Archive handling for VCollab applications — extract zip/tar.gz archives and stream directories as zip
Project description
Archive Utilities
Purpose
Archive handling for VCollab applications -- extract ZIP and TAR.GZ archives from binary streams and stream directories as ZIP archives (in-memory or via tempfile).
This package provides two categories of functionality:
- Extraction -- Extract ZIP and TAR.GZ archives from any seekable
binary stream (
BinaryIO) to a target directory, using either in-memory BytesIO (fast, for small files) or temporary file (memory-efficient, for large files) strategies. Includes path traversal protection and configurable size/count limits. - Streaming -- Generate ZIP archives from directory contents on-the-fly for download responses, with memory-based streaming for small directories and tempfile-based streaming for large directories. Supports file filtering/exclusion.
When to use this package
Use vcti-archive when your application needs to:
- Accept uploaded ZIP or TAR.GZ files and extract them to disk
- Serve directory contents as downloadable ZIP archives
- Stream large directory archives without loading everything into memory
- Choose between memory-efficient and fast extraction strategies
- Protect against malicious archives (path traversal, zip bombs)
Installation
The package has zero required dependencies. FastAPI integration is available as an optional extra.
Without FastAPI (CLI tools, background workers, any framework)
Use this when you only need extraction and streaming — no
FastAPI-specific helpers. Works with Django, Flask, plain scripts,
or anything that accepts BinaryIO and bytes iterators.

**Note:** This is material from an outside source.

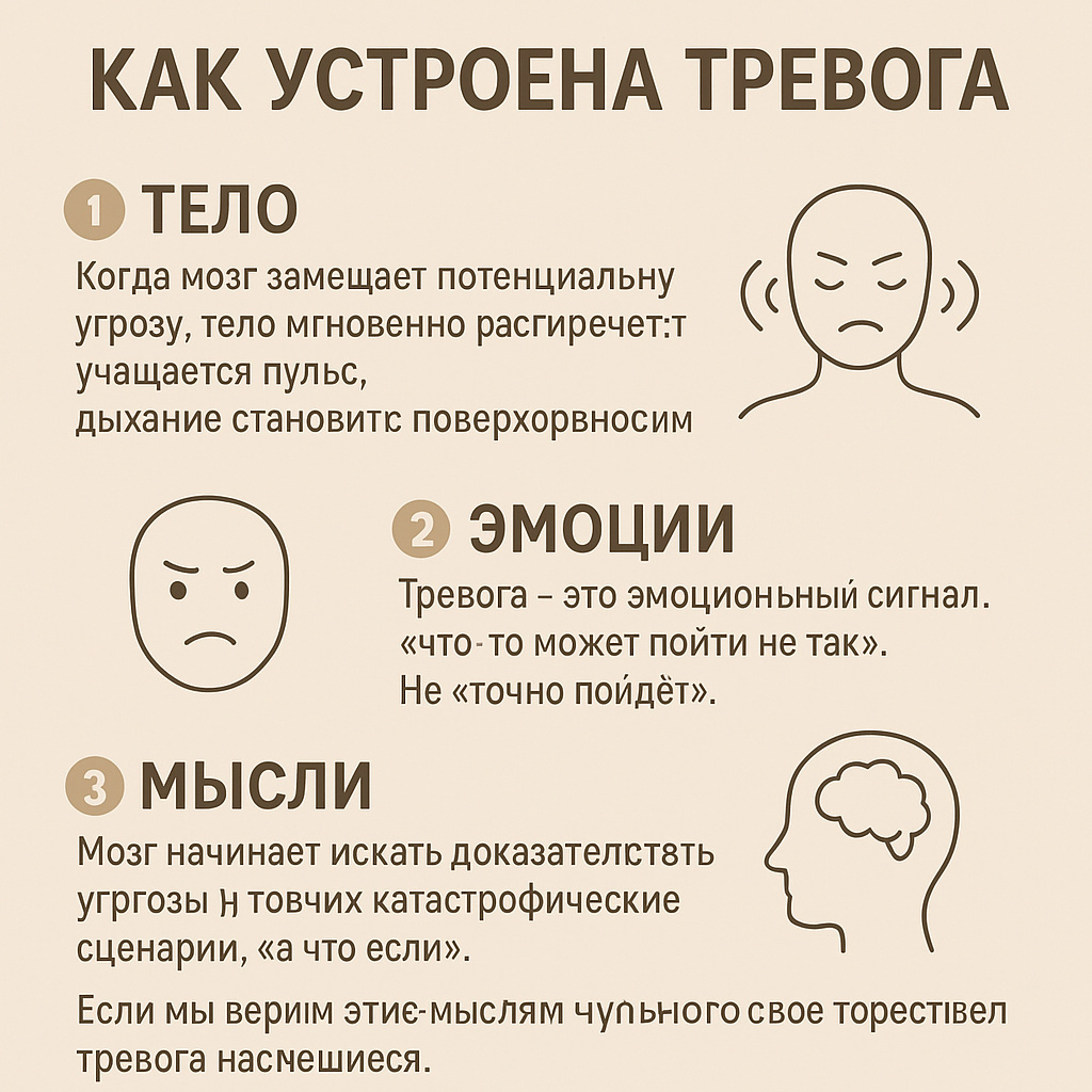 Страх высоты, темноты, одиночества, незнакомцев — всё это было не ошибкой, а преимуществом. Мозг эволюционно устроен так, что лучше “ошибиться в сторону опасности”, чем пропустить угрозу. Поэтому людям свойственно: Это та «безопасность» заложена в нас природой. Тревога — это не одно чувство. Это взаимодействие тела, эмоций и мыслей.

pip install vcti-archive@v1.0.0
What you get:
ZipExtractor,TarGzExtractor— extract from anyBinaryIODirectoryZipMemoryStreamer— stream directory as ZIP (in-memory)LargeDirectoryZipStreamer— stream directory as ZIP (tempfile)- Async wrappers, bomb protection, path traversal safety, logging
With FastAPI
Use this when you need streaming_zip_response() — a helper that
wraps LargeDirectoryZipStreamer in a StreamingResponse with
correct headers and BackgroundTasks cleanup.
pip install "vcti-archive[fastapi]>=1.0.2"
Everything above, plus:
streaming_zip_response(streamer, background_tasks)fromvcti.archive.fastapi
In requirements.txt
# Without FastAPI
vcti-archive>=1.0.2
# With FastAPI
vcti-archive[fastapi]>=1.0.2
In pyproject.toml dependencies
# Without FastAPI
dependencies = [
"vcti-archive>=1.0.2",
]
# With FastAPI
dependencies = [
"vcti-archive[fastapi]>=1.0.2",
]
Quick Start
Usage without FastAPI
All core functionality works with any framework or no framework at
all. Extractors accept any seekable BinaryIO (open files,
io.BytesIO, UploadFile.file, etc.) and streamers yield plain
bytes iterators.
Extract a ZIP archive:
from pathlib import Path
from vcti.archive import ZipExtractor
with open("archive.zip", "rb") as f:
extractor = ZipExtractor(f, Path("/target/dir"))
extractor.extract_using_bytesio() # Fast, for small files
# or
extractor.extract_using_tempfile() # Memory-efficient, for large files
# With bomb protection
extractor = ZipExtractor(
stream, Path("/target"),
max_total_size=500_000_000, # 500MB limit
max_file_count=10_000, # 10K files limit
)
extractor.extract_using_bytesio()
Extract a TAR.GZ archive:
from pathlib import Path
from vcti.archive import TarGzExtractor
with open("archive.tar.gz", "rb") as f:
TarGzExtractor(f, Path("/target/dir")).extract_using_bytesio()
Async extraction (non-blocking for async frameworks):
extractor = ZipExtractor(stream, Path("/target/dir"))
await extractor.async_extract_using_bytesio()
Stream a directory as ZIP (in-memory):
from pathlib import Path
from vcti.archive import DirectoryZipMemoryStreamer
streamer = DirectoryZipMemoryStreamer(Path("/data/project"))
# Write to a file
with open("output.zip", "wb") as out:
for chunk in streamer:
out.write(chunk)
# Or pass to any framework's streaming response
# Django: StreamingHttpResponse(streamer, content_type="application/zip")
# Flask: Response(streamer, mimetype="application/zip")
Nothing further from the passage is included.